**Activity**.
Your answer must be the lines from the start of the records through the line with "- A stunning", exactly as written, without the pictures.

**Data extracts**.
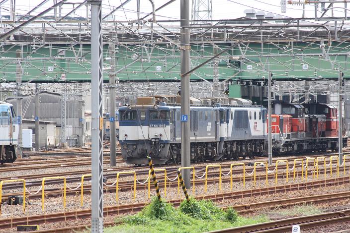 稲沢駅のお隣、清州駅を通過するEF64重連の貨物列車。中央線貨物のガソリン輸送列車5885レ。長野県の南松本行の貨物のようです。EF64といえばタンク車というイメージが強かったので、感激もひとしお。
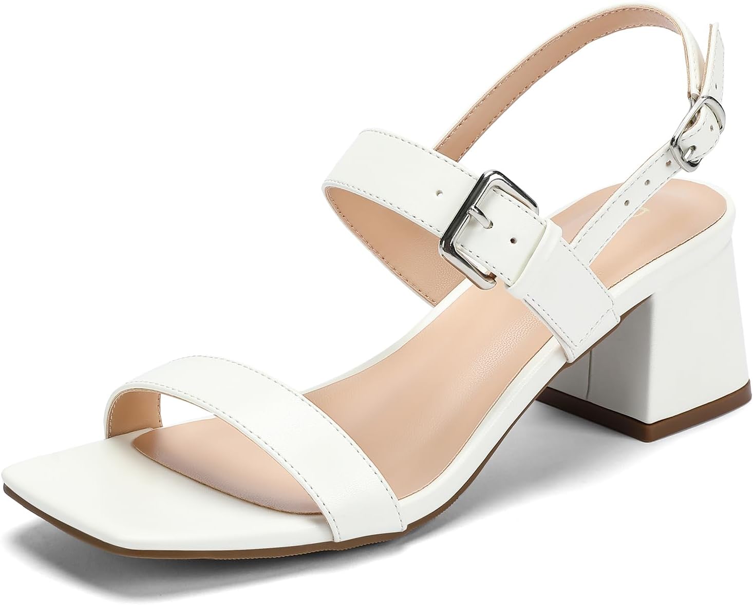 Women's Heeled Sandals Block Chunky Square Open Toe Ankle Strap Heel Wide Feet Dress Sandals
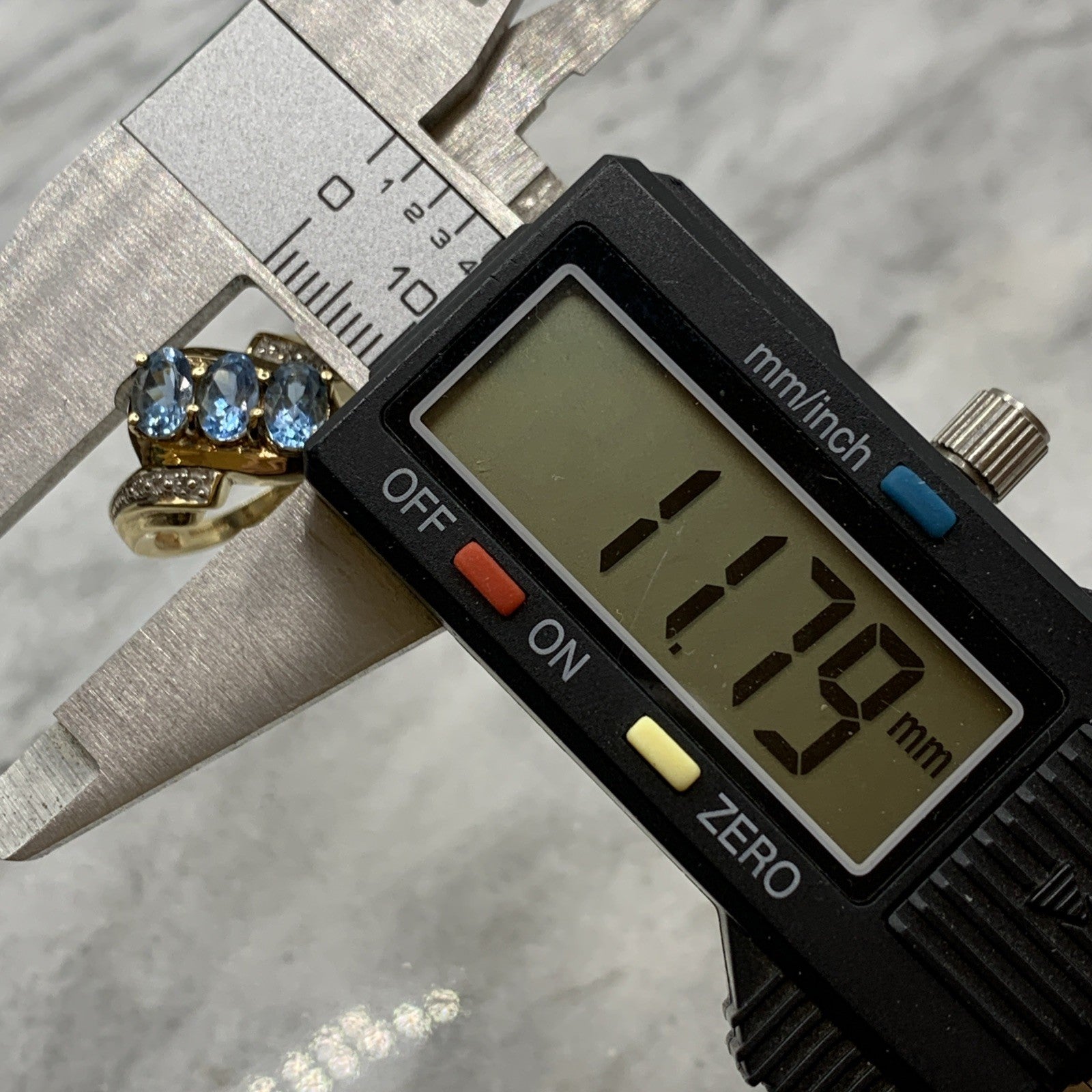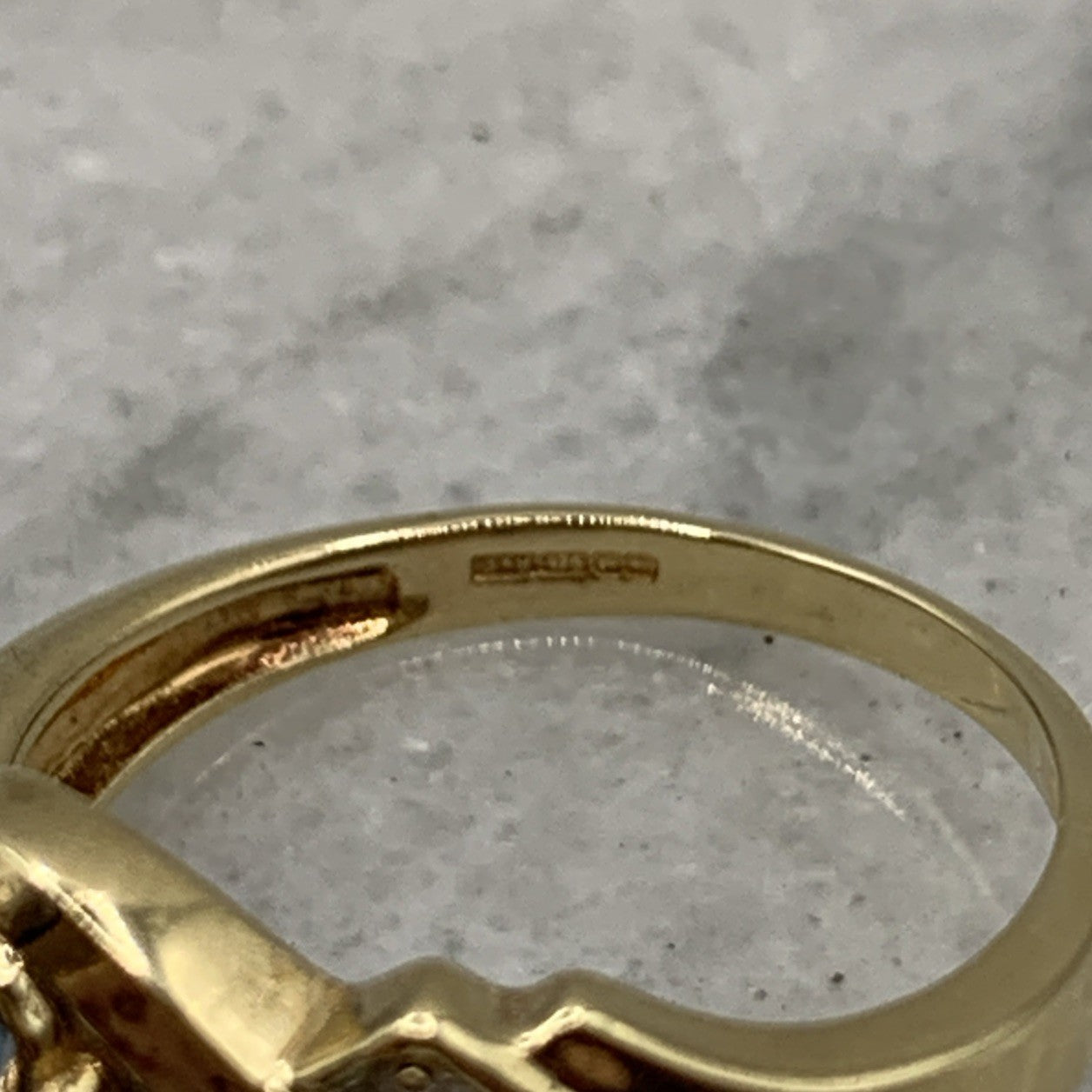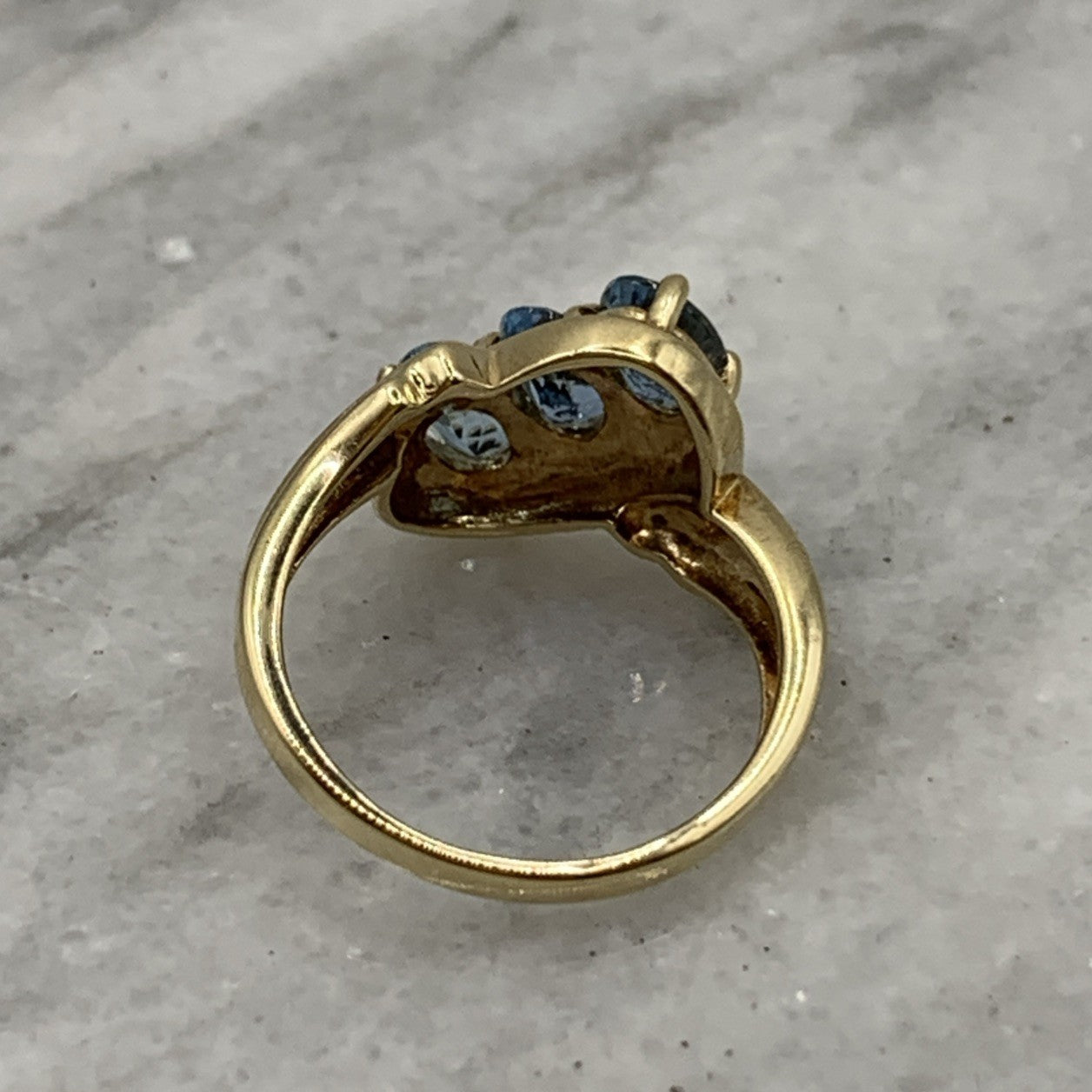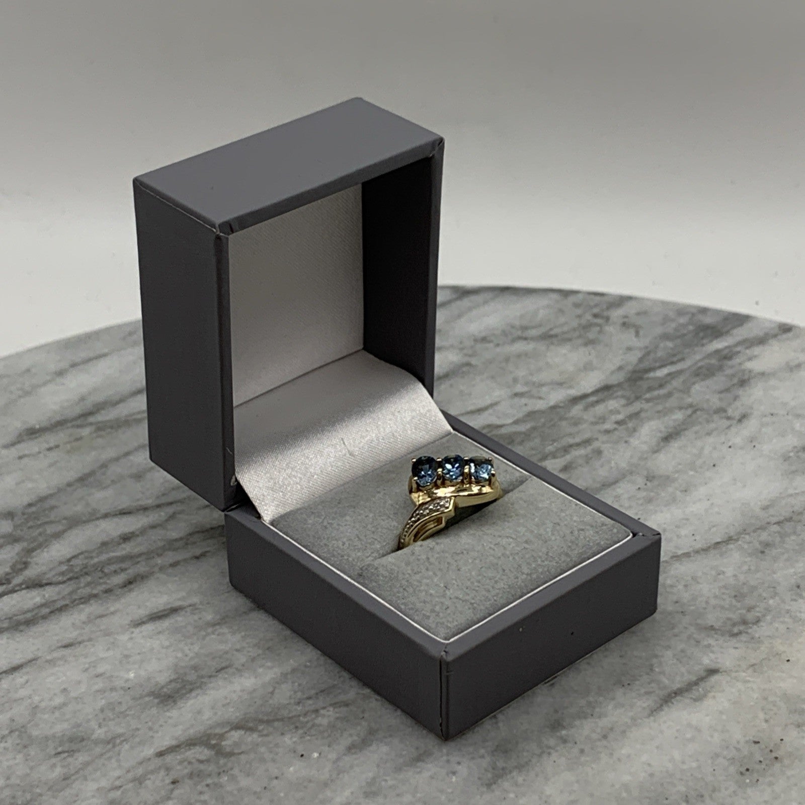 - A stunning bypass twist style ring featuring a trilogy of aquamarines accented by petite pave set diamonds. Hallmarked.
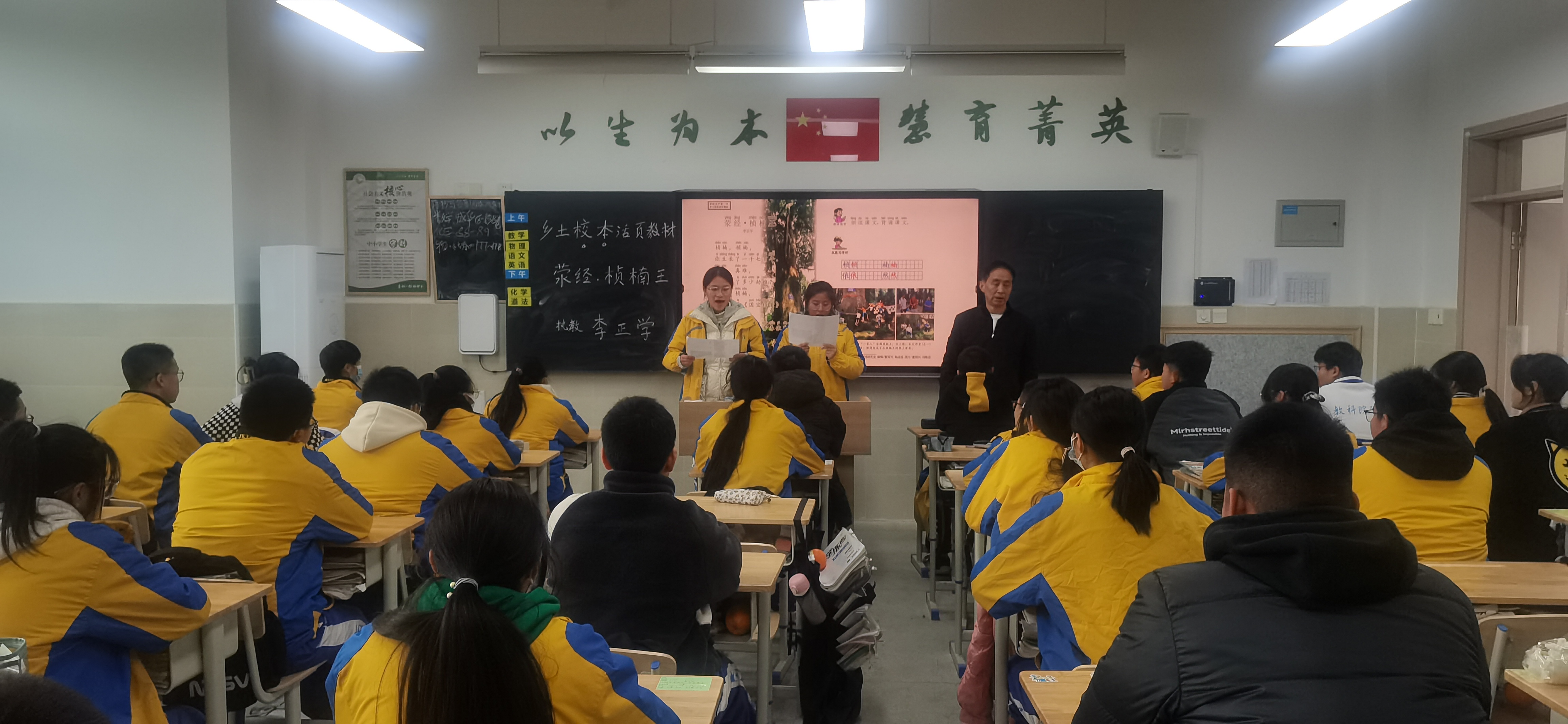 天府新區(qū)教科院附中校長(zhǎng)楊永紅、該校九年級(jí)八班班主任商紅陽(yáng)、語文教師楊茂參與了鄉(xiāng)土校本活頁(yè)教材《滎經(jīng)·楨楠王》進(jìn)課堂活動(dòng)。
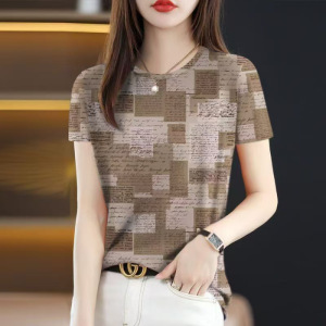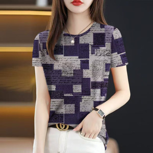 时尚女士T恤短袖2025夏季新款圆领套头洋气复古宽松上衣爆款潮流

**Solution to the exercise**.
 稲沢駅のお隣、清州駅を通過するEF64重連の貨物列車。中央線貨物のガソリン輸送列車5885レ。長野県の南松本行の貨物のようです。EF64といえばタンク車というイメージが強かったので、感激もひとしお。
 Women's Heeled Sandals Block Chunky Square Open Toe Ankle Strap Heel Wide Feet Dress Sandals
 - A stunning bypass twist style ring featuring a trilogy of aquamarines accented by petite pave set diamonds. Hallmarked.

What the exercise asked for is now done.